▶ Task goal
Reproduce the records precisely. Omit every picture.
(Data provided begins)
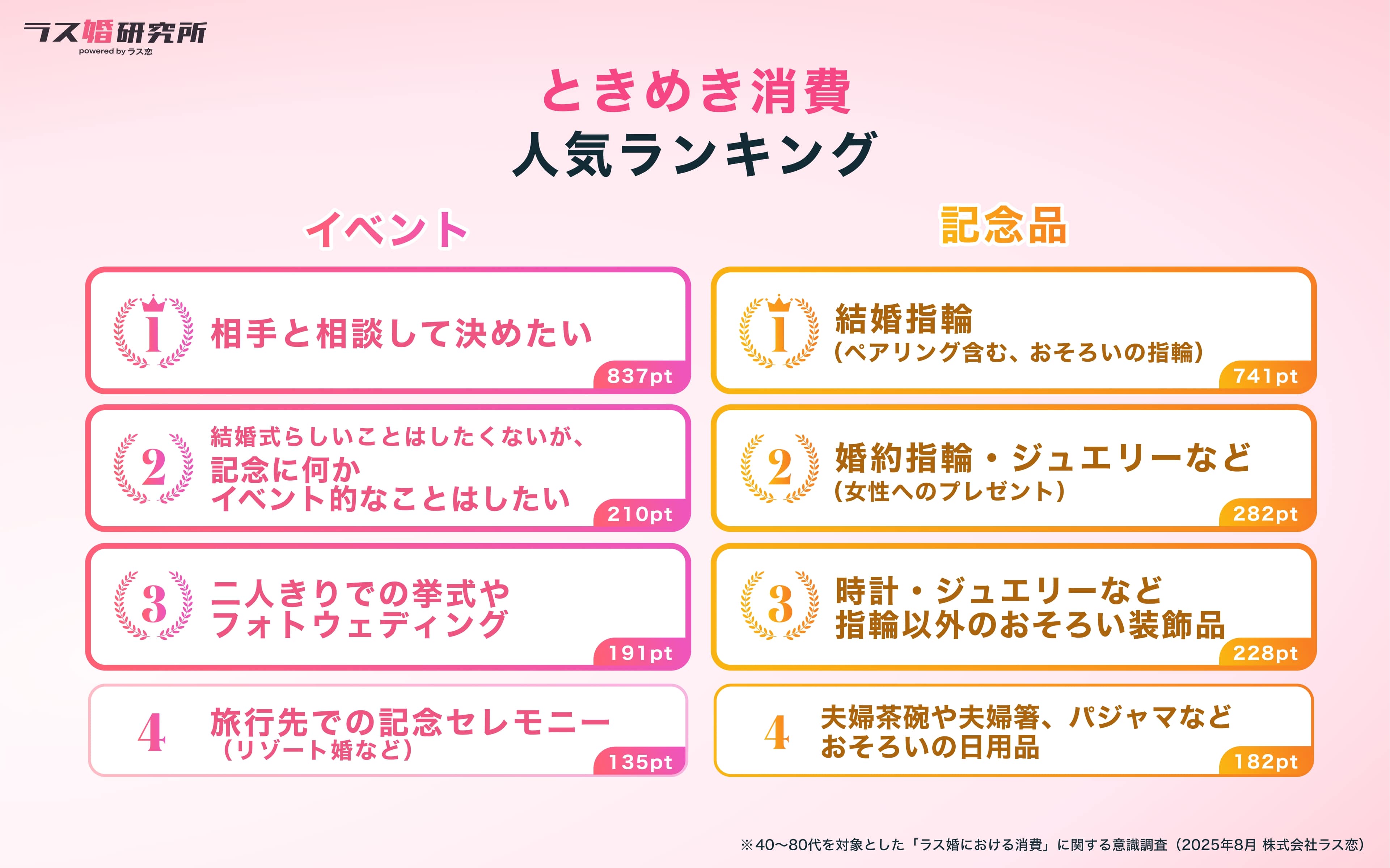 ちなみに、婚姻届や同居という伝統的なかたちにとらわれないからこそ、2人の絆を「記念のイベント」や「記念品」でたしかめたいと考える人は多いよう。
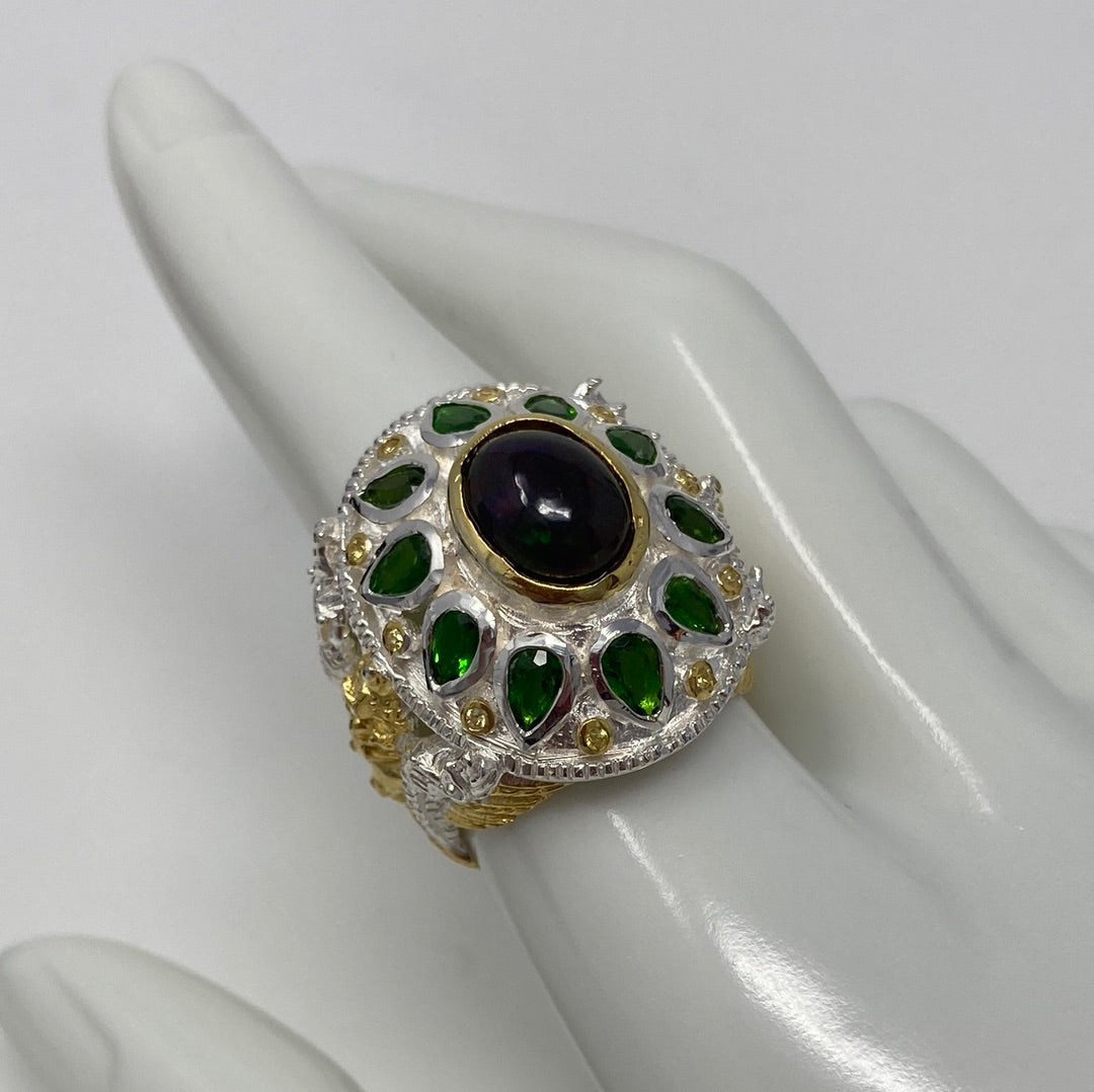 Crown Jewels, Genuine Black Opal & Russian Chrome Diopside Ring
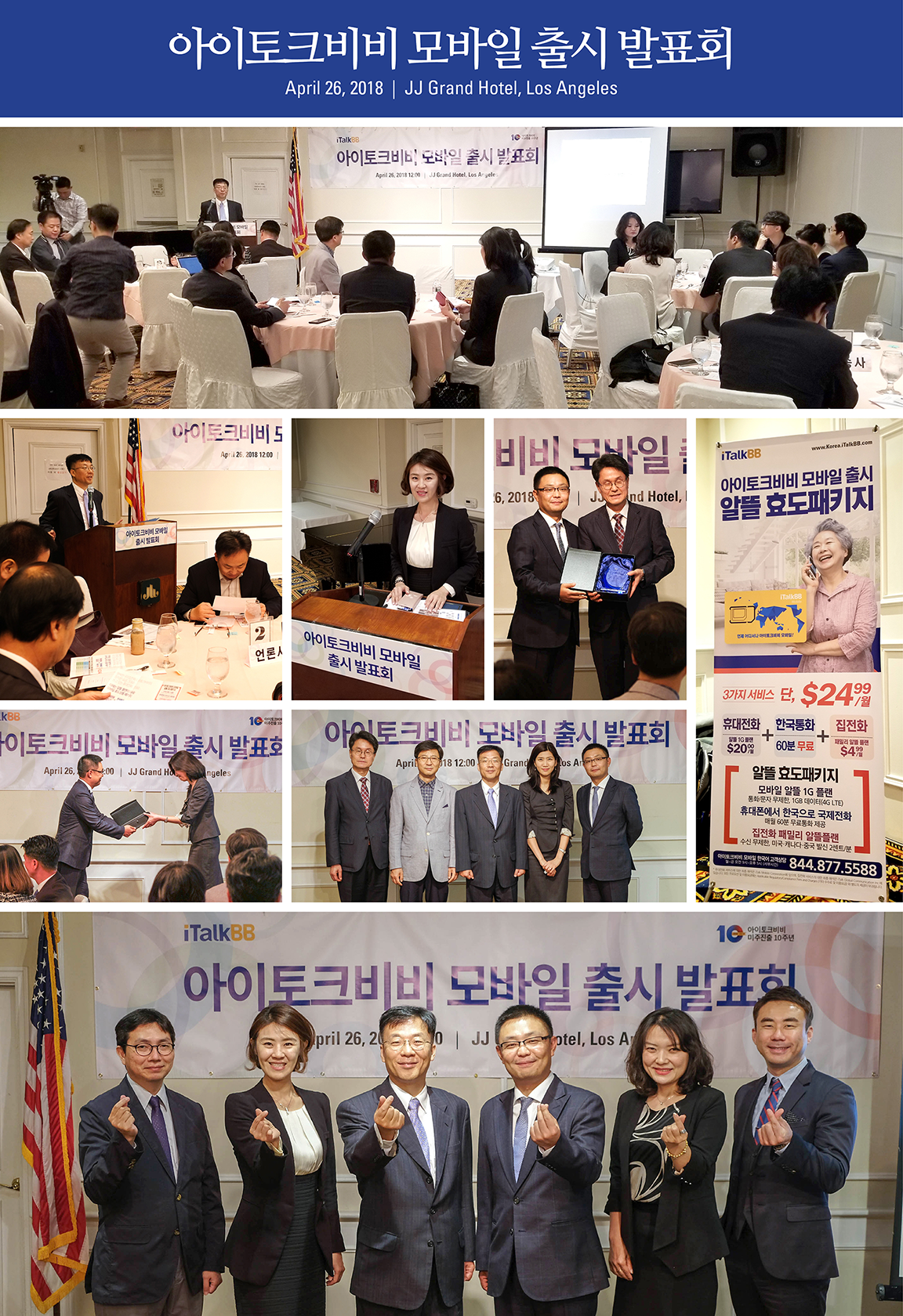 ‘언제 어디서나 어디서나 멋진 이민자 생활’ 이라는 사명 아래 지난 10년간 미주 한인과 함께 성장해 온 아이토크비비에서 새롭게 휴대전화 서비스를 출시하여 2018년 4월 26일 LA 한인타운내 JJ Grand Hotel에서 각 미디어 대표와 한인 인사들을 초청하여 아이토크비비 모바일 서비스 출시 발표회 개최하였다.
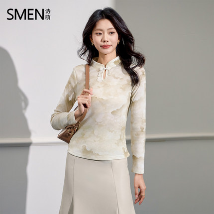 【商场同款】Smen诗萌新中式国风T恤盘扣设计感2026春新款上衣女
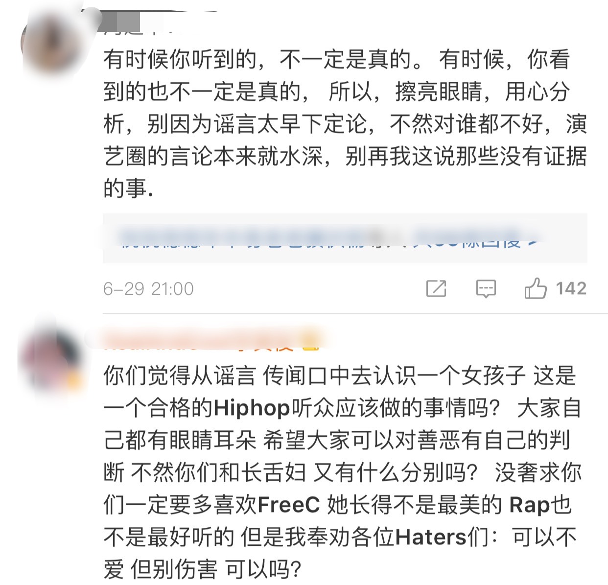 隨著《中國新說唱》節目知名度越來越高,網上討論度直直飆升後,Free C的黑幕一一浮上檯面檢視,不僅接二連三的爆掛,連音樂也被質疑,不過這些黑幕也讓Free C的名聲遭受影響,網友直說:「抄襲阿」、「有後台」、「詞真的沒什麼含金量」,但有另一部分網友也為Free C抱不平:「有時候聽到不一定是真的」、「希望大家對善惡有自己的判斷」、「別因為謠言太早下定論 不然對誰都不好」
(Data provided ends)
▶ Result for this task
 ちなみに、婚姻届や同居という伝統的なかたちにとらわれないからこそ、2人の絆を「記念のイベント」や「記念品」でたしかめたいと考える人は多いよう。
 Crown Jewels, Genuine Black Opal & Russian Chrome Diopside Ring
 ‘언제 어디서나 어디서나 멋진 이민자 생활’ 이라는 사명 아래 지난 10년간 미주 한인과 함께 성장해 온 아이토크비비에서 새롭게 휴대전화 서비스를 출시하여 2018년 4월 26일 LA 한인타운내 JJ Grand Hotel에서 각 미디어 대표와 한인 인사들을 초청하여 아이토크비비 모바일 서비스 출시 발표회 개최하였다.
 【商场同款】Smen诗萌新中式国风T恤盘扣设计感2026春新款上衣女
 隨著《中國新說唱》節目知名度越來越高,網上討論度直直飆升後,Free C的黑幕一一浮上檯面檢視,不僅接二連三的爆掛,連音樂也被質疑,不過這些黑幕也讓Free C的名聲遭受影響,網友直說:「抄襲阿」、「有後台」、「詞真的沒什麼含金量」,但有另一部分網友也為Free C抱不平:「有時候聽到不一定是真的」、「希望大家對善惡有自己的判斷」、「別因為謠言太早下定論 不然對誰都不好」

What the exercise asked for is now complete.